Lab 0
Getting Started
Welcome to the zeroth lab for CITS2402 Intro to Data Science!
This course is about doing, so let's get started.
The aim of this lab is twofold:
to get you up and running and familiar with the course software
to provide a refresher working with Python
Communicating Online
The official communication platform for notices and questions is help2402.

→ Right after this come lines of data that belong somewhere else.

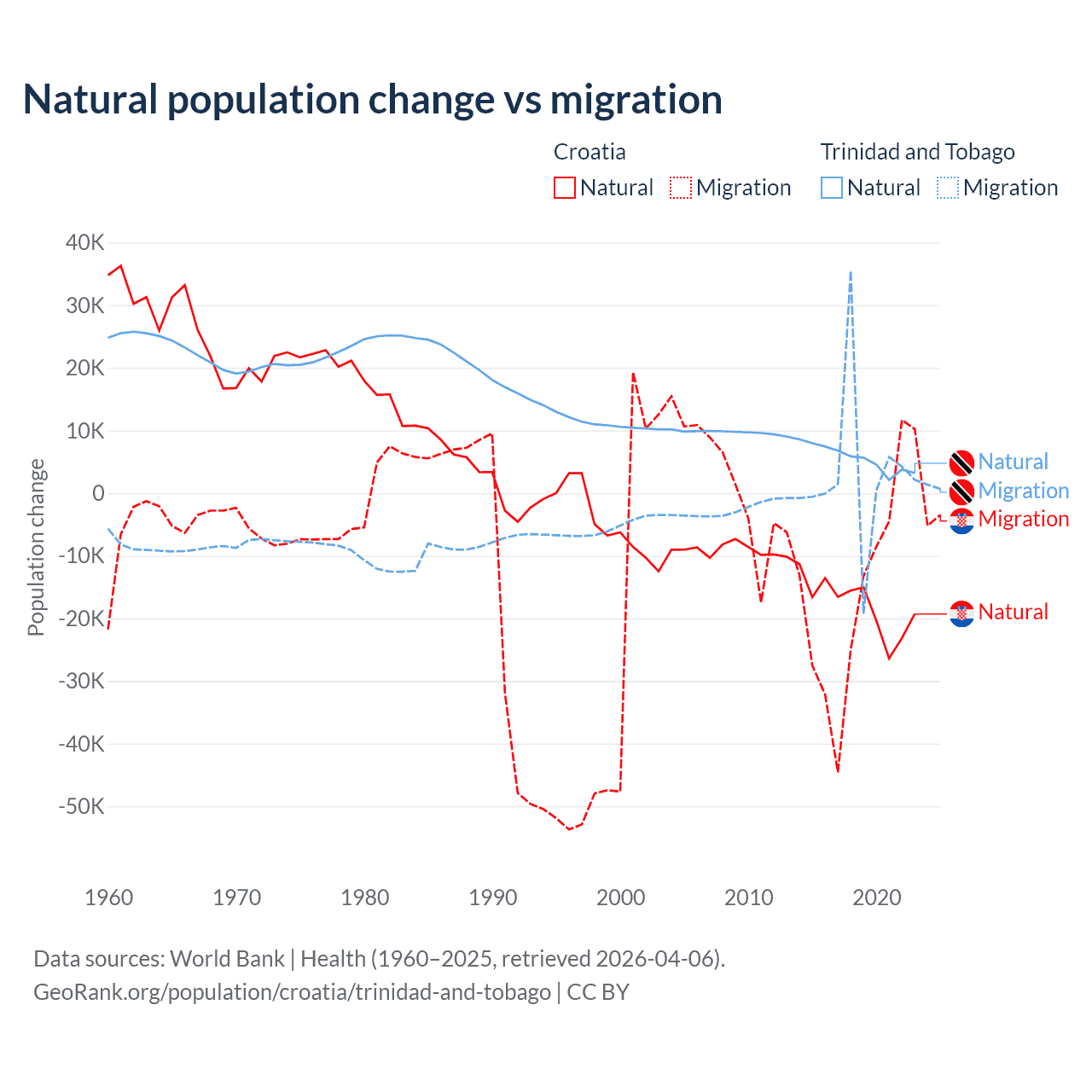 Over the last 10 years, 54.8% of the population change in Croatia is from natural causes (a loss of 177,803 people) and 45.2% is from migration (a loss of 146,770 people). In Trinidad and Tobago 66% is from natural causes (a gain of 55,887 people) and 34% is from migration (a gain of 28,785 people).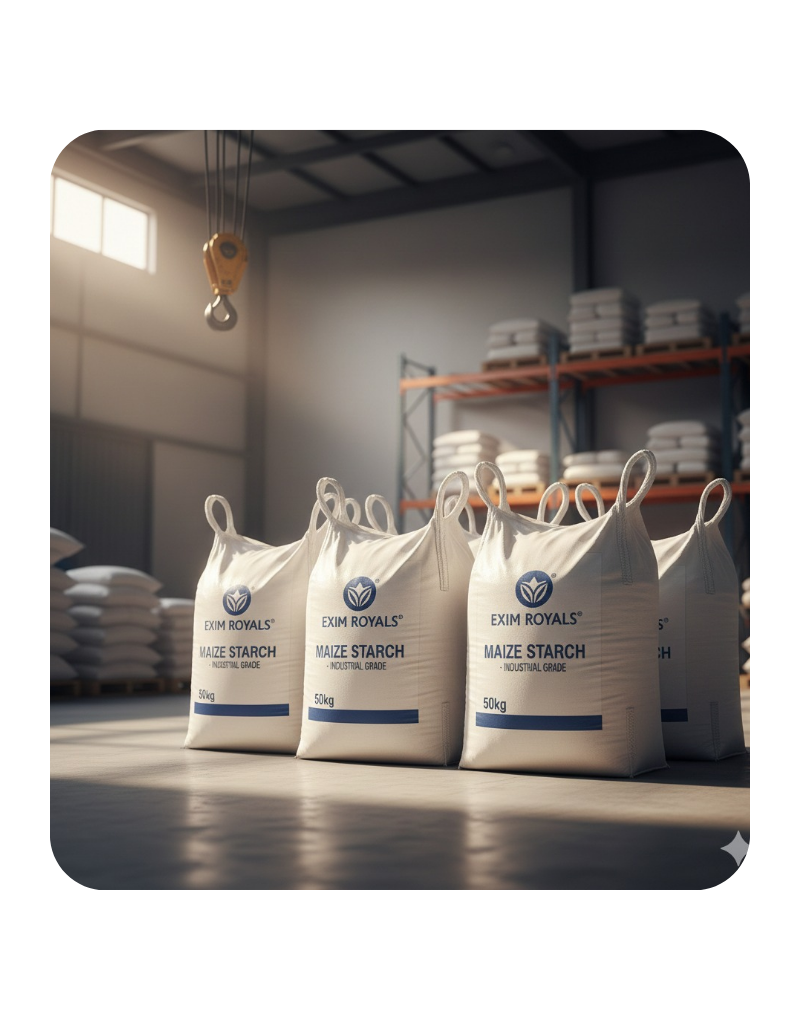 Exim Royals Industrial Grade Maize Starch is a high-viscosity, non-foaming binder specifically engineered for the corrugation and paper industries. It provides excellent tack and bonding strength, making it ideal for the production of corrugated boards, paper sacks, and textile finishing.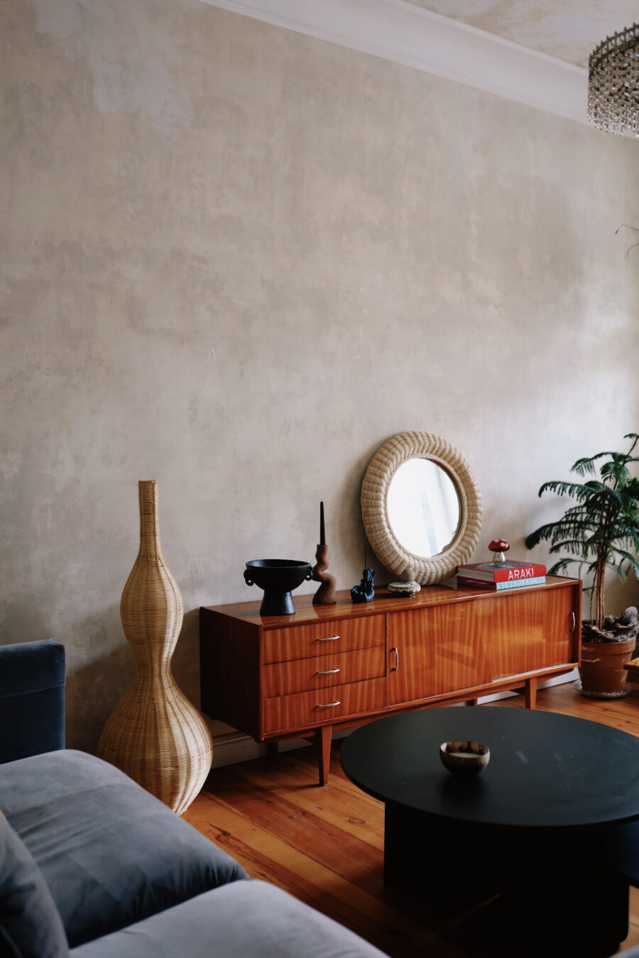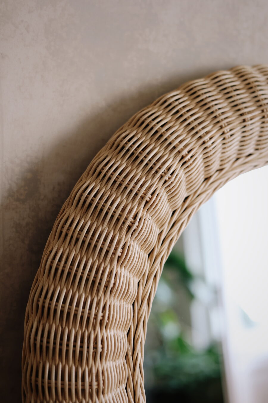 Symboliczna forma: Okrągła rama o miękkiej linii bezpośrednio nawiązuje do symboliki słońca – źródła światła i harmonii. Ręczne plecenie z naturalnego rattanu wprowadza do wnętrza spokój, równowagę i subtelne ciepło.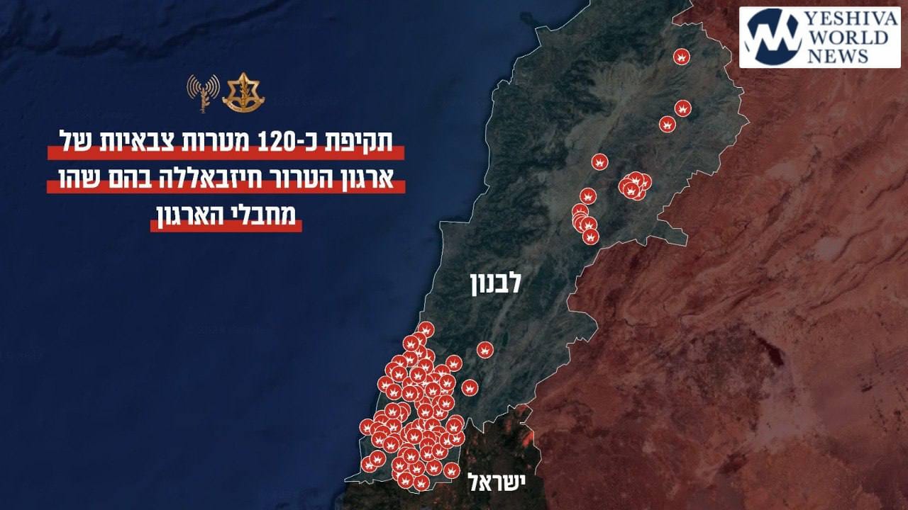 The IDF announces that a short while ago, the IAF conducted a staggering 120 airstrikes on Hezbollah terror targets where Hezbollah operatives were located in southern Lebanon and deep inside Lebanese territory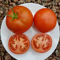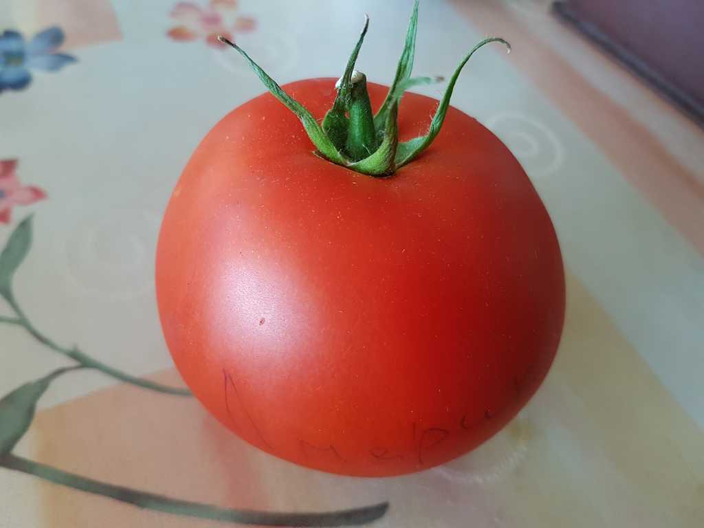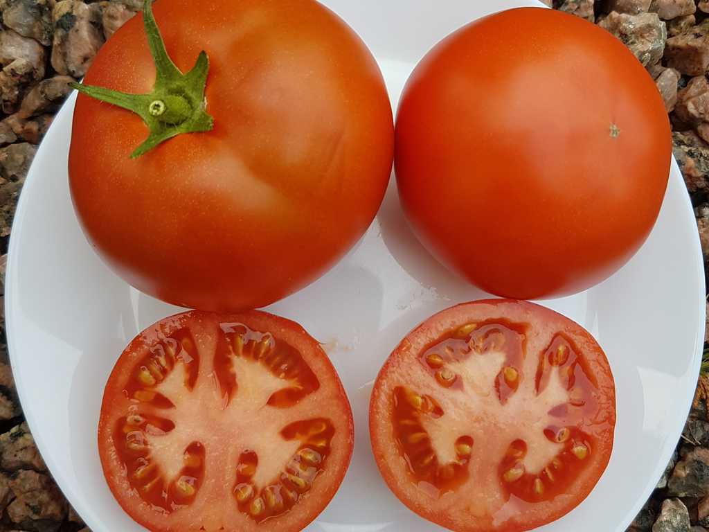 Jätte produktiv sort med fina runda saftiga frukter, planta är upp till 2,5 m hög.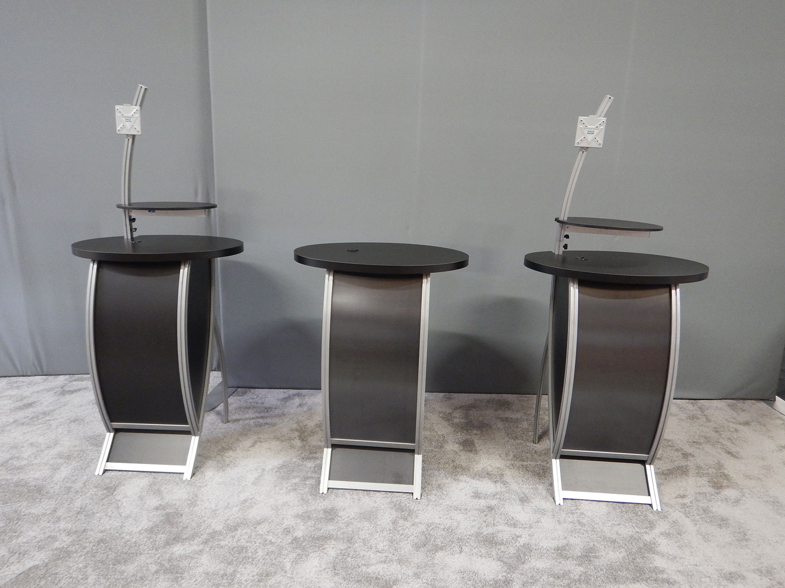 Counters with Black Oval Shelves, 30" High Curved Extrusion Monitor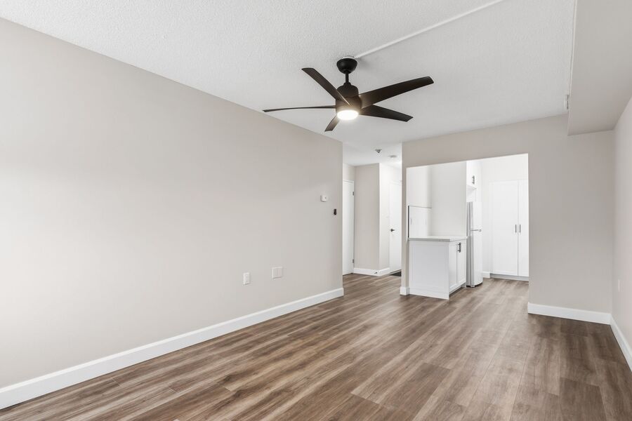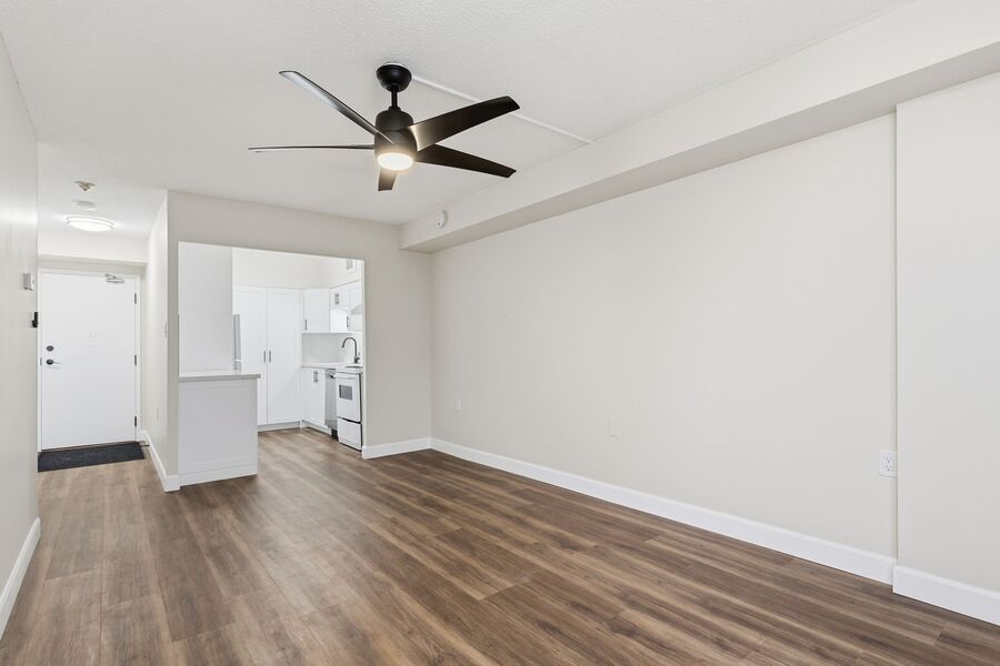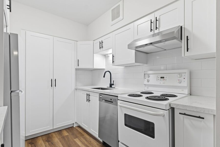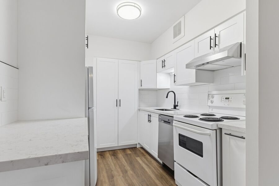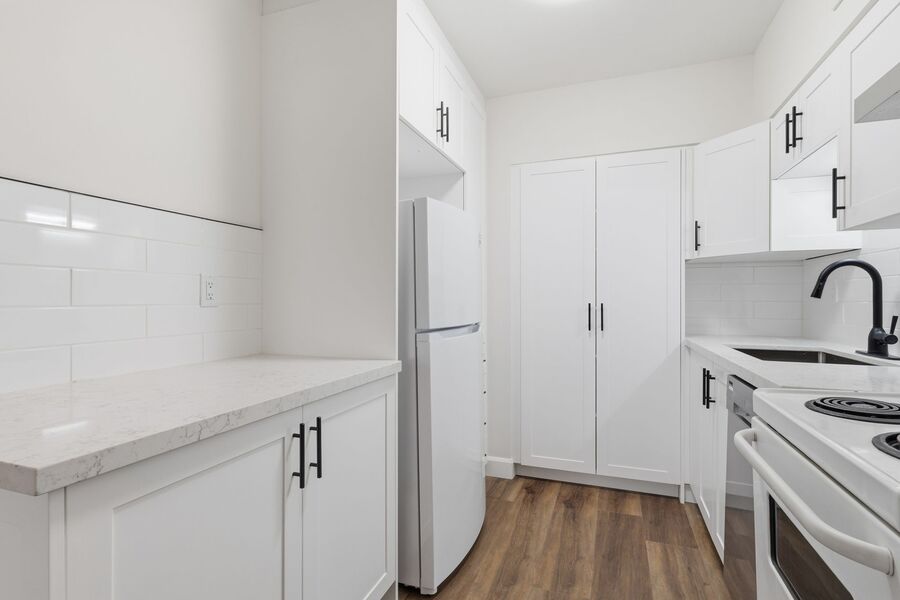 As you enter the unit, you will find a bright all-white kitchen featuring a dishwasher, pantry, and plenty of cupboard and counter space. The spacious living area offers ample room to relax or entertain, and the bedroom is equally generous in size.

Getting started with cshelp (help2402) and csmarks
You can access the help server by navigating directly to the address https://secure.csse.uwa.edu.au/run/help2402. It may be useful to bookmark this page.
Log in using your UWA details.
On the help2402 page go to the 'Options' drop down menu and select 'Set your PREFERENCES'.
At the bottom of this page you should set your email preferences to either send an email for each posting, or send a daily digest.
It is important that you set your email preference, so that you receive announcements for the unit.
This is even more important during the pandemic period, where there are no face-to-face lectures.
You can also set other things here such as your preferred photo or avatar.
Please note that this unit does not support anonymous posting.
Finally, use the 'Jump to' menu to jump to csmarks
. This is where marks will be posted during the unit.
Getting Started with discord
The help server is great for asynchronous communication. For the online scheduled labs, in response to the pandemic, it is useful to be able to message and speak in 'real-time'. To assist with this we are trialing the use of a discord
server, in addition to Zoom
(https://www.uwa.edu.au/library/learning-online).
The discord server is called 'CITS2402'. You should have received an email inviting you to join, with a code. If the code has expired, please email for a new code. (This is to avoid trolls.) You are asked to use your real name on the server.
You can use the server through a browser, or download an app for your device(s).
Once you enter the server, in the list on the left you will find some general channels, then under the category 'LABS', a channel called lab-00
for questions or comments related to this lab.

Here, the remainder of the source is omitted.